The most recent high-profile business failure (or rescue, depending on your point of view) is House of Fraser, a venerable organisation of more than 169 years, which has nevertheless fallen victim to modern retail trends. There have been a number of others in the last few months, including Maplins and Toys R Us – see my blog of 26 March. The media has widely reported the distress and disappointment of those affected: employees who fear losing their job, or of being re-employed on less favourable terms, customers, especially those who have paid on line for orders that will not be fulfilled, pension-scheme members and suppliers. There has been little mention of the shareholders. They are presumably unworthy of the public’s sympathy but they too are losers. This illustrates the way in which a business integrates into society, and the large number of people and organisations that depend on it or are influenced by it.

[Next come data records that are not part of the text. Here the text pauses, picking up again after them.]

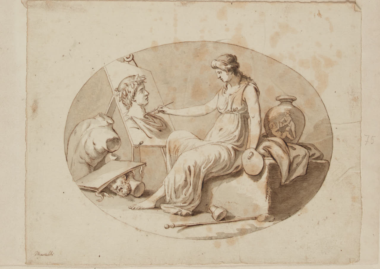 - NOTIZIE STORICO CRITICHE I quattro disegno (C 74, C 75, C 79, C 80), tutti recanti il cognome Mantelli, sono destinati a decorazioni di mobili. Il presente foglio e il C 79 sono allegorie della Primavera e dell'Estate, mentre il C 75 e il C 80 riguardano la Pittura e la Scultura. Tutti e quattro presentano le stesse dimensioni e lo stesso gusto tra il bucolico e il neoclassico, che richiama le idee di Angelica Kauffmann, assai note all'epoca. L'attribuzione a Mantelli, del quale si conservano pochi fogli nel Fondo, sembra convincente. Il C 74 e il C 79 furono impiegati per il fronte di due comò esposti alla Mostra commemorativa di Giuseppe Maggiolini del 1938 (cat. 94).\n[Beretti - Gonzalez Palacios 2014]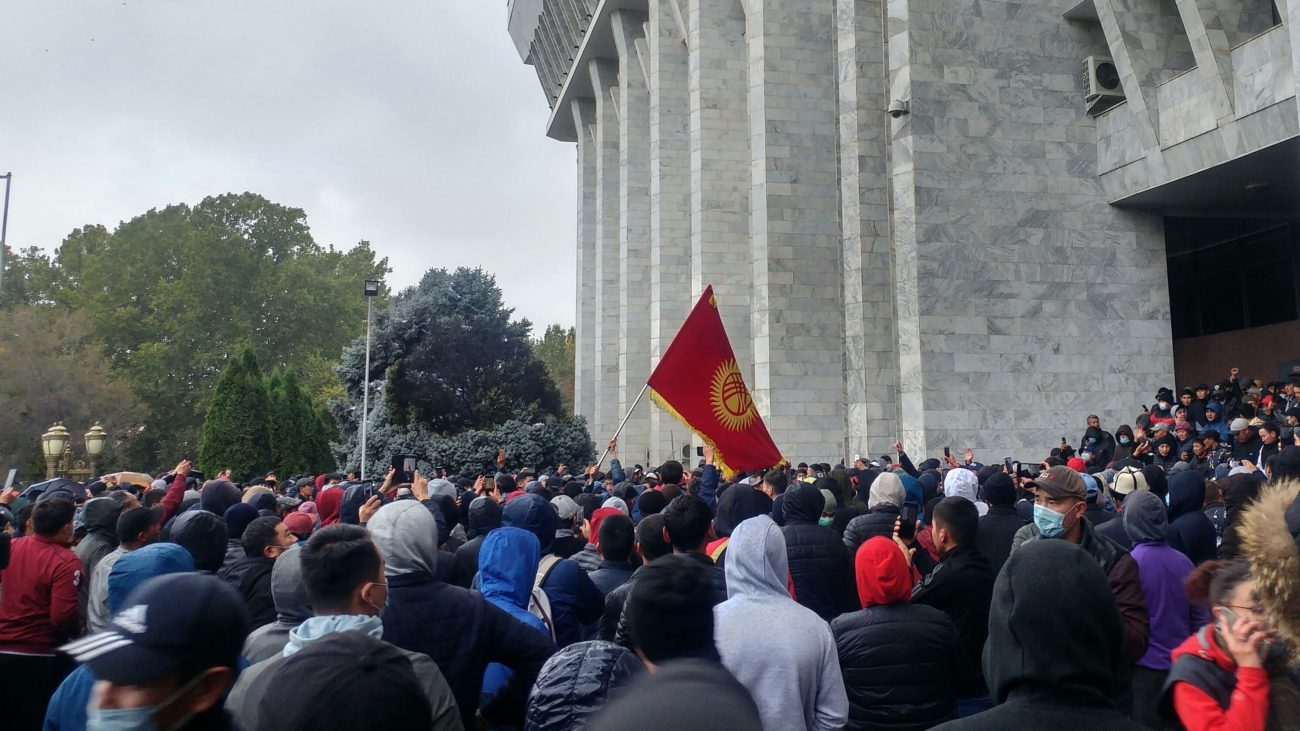 Am Montag riefen mehrere Oppositionsparteien zu einer Demonstration auf. Mehrere Tausend Personen versammelten sich auf dem Ala-Too-Platz im Zentrum der Hauptstadt Bischkek mit der Forderung, die Wahlergebnisse zu annullieren. Am späten Abend eskalierte die Situation schließlich, als Ordnungskräfte versuchten die Demonstration aufzulösen. Es gab vereinzelt Straßenkämpfe. In der Nacht auf Dienstag gelangten Protestierende in das „Weiße Haus“, den Sitz von Parlament und Präsidentenverwaltung. Sie stießen dabei auf keinerlei Widerstand. Auch danach war von Ordnungskräften erst einmal kaum eine Spur.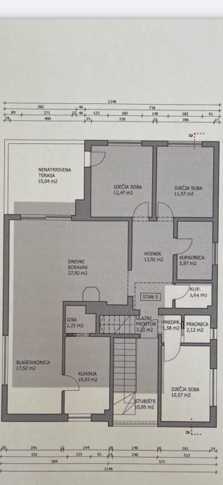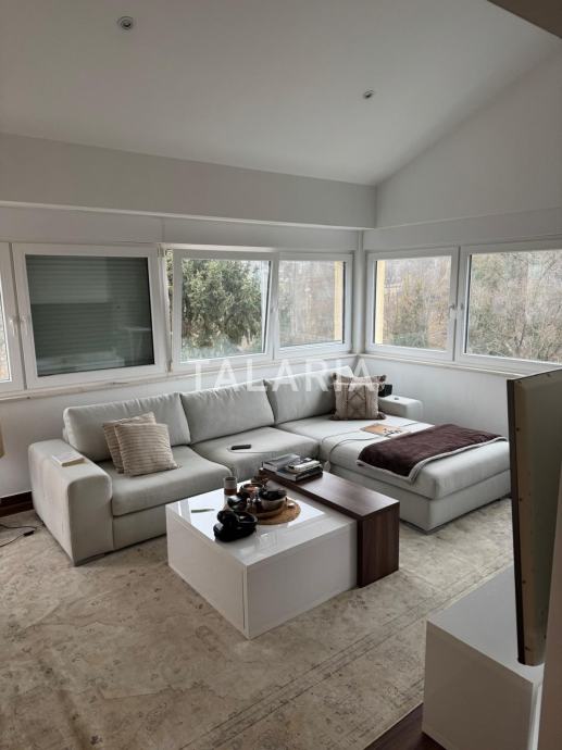 Nenamješten dvoetažan stan od 240m2 na na drugom katu zgrade građene 1997 god. Stan se sastoji od ulaznog dijela, 2 dnevna boravka, kuhinje i blagovaonice, ostave, 4 spavaće sobe, garderobe, 3 kupaonice, predsoblja te 2 terase. Pripada mu jedno garažno mjesto i jedno parkirno mjesto. Nalazi se na odličnoj lokaciji, Srebrnjak, u blizini svih bitnih sadržaja.

According to the Edelman Trust Barometer, an organisation that has been tracking trust in institutions for the past two decades, the percentage of the ‘informed public’ that had trust in businesses fell last year from 65% to 64%. Only 52% of the general public trusted businesses. In response to a notable decline in public trust in how big business operates, the Government published its Green Paper, Corporate Governance Reform, in 2016, which noted that strong corporate governance ‘provides confidence not just to shareholders, but to other key stakeholders, that a company is being well run”.
As a result of this consultation, publicly quoted companies now have to comply with the UK Corporate Governance Code. This took in only 0.2% of the UK’s registered companies, so recently the Government tasked the Financial Reporting Council, under the leadership of James Wates CBE, with a consultation on how this good practice could be extended to large private companies – those with more than 2,000 employees, a turnover of £200 million or a balance sheet of more than £2 billion. This measure, if implemented, will still leave approximately 96% of British companies outside the scope of compulsory compliance with the Code.
Probably most owners and managers of SMEs will breathe a sigh of relief that they will not have to comply with what they might see as yet more red tape.
On the other hand, is it possible that some will see that the adoption of a corporate governance code could strengthen their business and enhance its relationship with its investors, managers, employees, customers and suppliers?
The failure of a business is a catastrophic event that causes financial hardship and psychological stress. Its effects are often far-reaching, usually affecting the wider community. Successful companies avoid this by adopting good corporate governance, ensuring that they are sustainable, and in doing so become foundation stones of the community, generating wealth, creating employment and setting good examples.
Corporate governance should not be a bureaucratic burden, or a box-ticking exercise, but instead it should be a way of stepping back from the drudgery of day to day management and taking time to examine your company’s core values, basic strategy and future prosperity.